Have gnu, will travel.
I've been a Unix or Linux system admin most of my career and I've found out several embarrassing things about co-workers.
1) The first was that two co-workers were using a system I managed with 50 or fewer users to send erotic email to each other. Both were married and not to each other. I'm not sure that there was any real activity going on. They may have simply used email to sort of flirt with each other. But if management had known what they were saying, both might have been fired.
2) The job after that involved my small system admin group (3 people) in the 1990s getting a bounced email message that our manager sent. Back in those days, home internet services were so crappy (AOL and the like) that many IT professionals deliberately used work email for personal things. Turns out that our manager, who was married at the time, was into BDSM and he was looking for partners while on company business in Europe. Our group kept his email to ourselves and we found a way to fix his email problem so that we didn't get any more bounced messages without ever telling him what we saw. He was a good manager, so we didn't want to embarrass him. He did end up getting divorced not very long after that. We weren't surprised.
3) Some years ago due to an email addressing mistake a confidential email between an HR person and someone else in the company ended up going to my group's email and we saw the exact salary of a developer in another department. This developer was, I think (not totally sure about it), in the US on an H1-B visa instead of a green card and was very badly underpaid compared to others doing the same job. This developer was a very well liked co-worker and I felt kind of bad to find out how little we actually paid them. I've believed for years that the worst thing you can ever find out is what kind of money your colleagues actually make. I've seen really gross discrepancies at every job I've ever had with idiots being paid too much and good workers being paid too little. Finding out exactly how bad this is in reality is just terrible.
At one of my former employers, I had access to some online financial accounts (paypal etc) with hundreds of thousands of dollars doing regular turnover. I really didn't have much need for the access except on a few isolated incidents of cross-referencing payments in logs with the provider.

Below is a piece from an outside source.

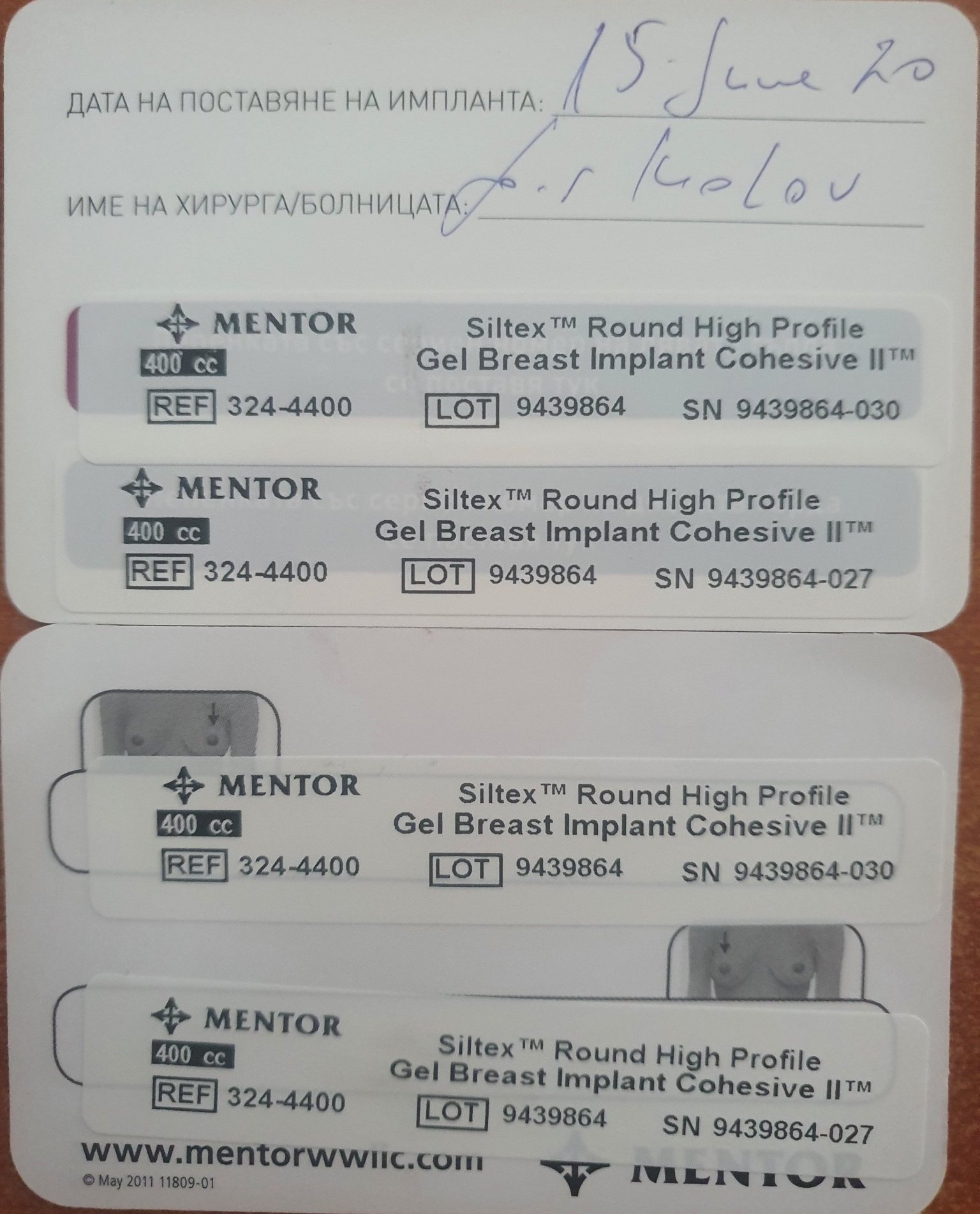 Включвам се и аз с един и същ имплант за двете гърди в паспорта! Реших, че защото съм карък по начало, е станало така.Но сега ми става ясно, че проблемът е може би е по-сериозен! Аз съм без епикриза също! Преди да ми вадят конците, на четвъртия ден от операцията опитах да си регистрирам имплантите, но греда. В този момент се разрових и разбрах, че за двете гърди е поставен стикер на един и същ сериен номер. Свързах се с Мария и каза, че докторът ще оправи паспорта в понеделник като свалим конците. Е не стана точно така, но след няколко дни ми пратиха нов паспорт с два различни серийни номера. Опитах се и тези импланти да регистрирам, но не се получи.Започвам сериозно да се притеснявам, днес писах на Мария за епикризата, ще видя какво ще ми отговори.

When the password came up for expiry, I actually asked my boss if I could *not* have the new password. My main rationale was that
a) I didn't need it
and
b) If something ever went wrong (e.g. somebody hacked the account, or another person who had the password stole funds, etc) I didn't want to be one of the people under the spotlight due to having access
Beyond that, I've seen private emails of superiors, records of co-workers, clients, or friends etc. Generally my rule is
a) If accessing an active machine, ask that the user close anything sensitive beforehand
b) If accessing email, ensure the user realizes and ask if there's anything I should avoid seeing
c) Ditto for files. If I'm moving or copying stuff around, I generally ask if there's places I should stay out of
A lot of clients don't understand (c) until I explain that it's not uncommon for me to see some very *interesting* filenames fly by when coping browsing history or users documents on private PC's. As I tended to do a backup-wipe-reinstall-restore on client drives for badly hosed machines, I tried to ensure customers knew I was copying their data for later recovery.
The only time I had a major moral quandry was when I was backing up a client's PC and filenames for some URL's etc of various dubious material floated by. The files were in their younger son's profile, but were of a type that could land them in legal trouble. I passed that on the the parent (owner of the PC).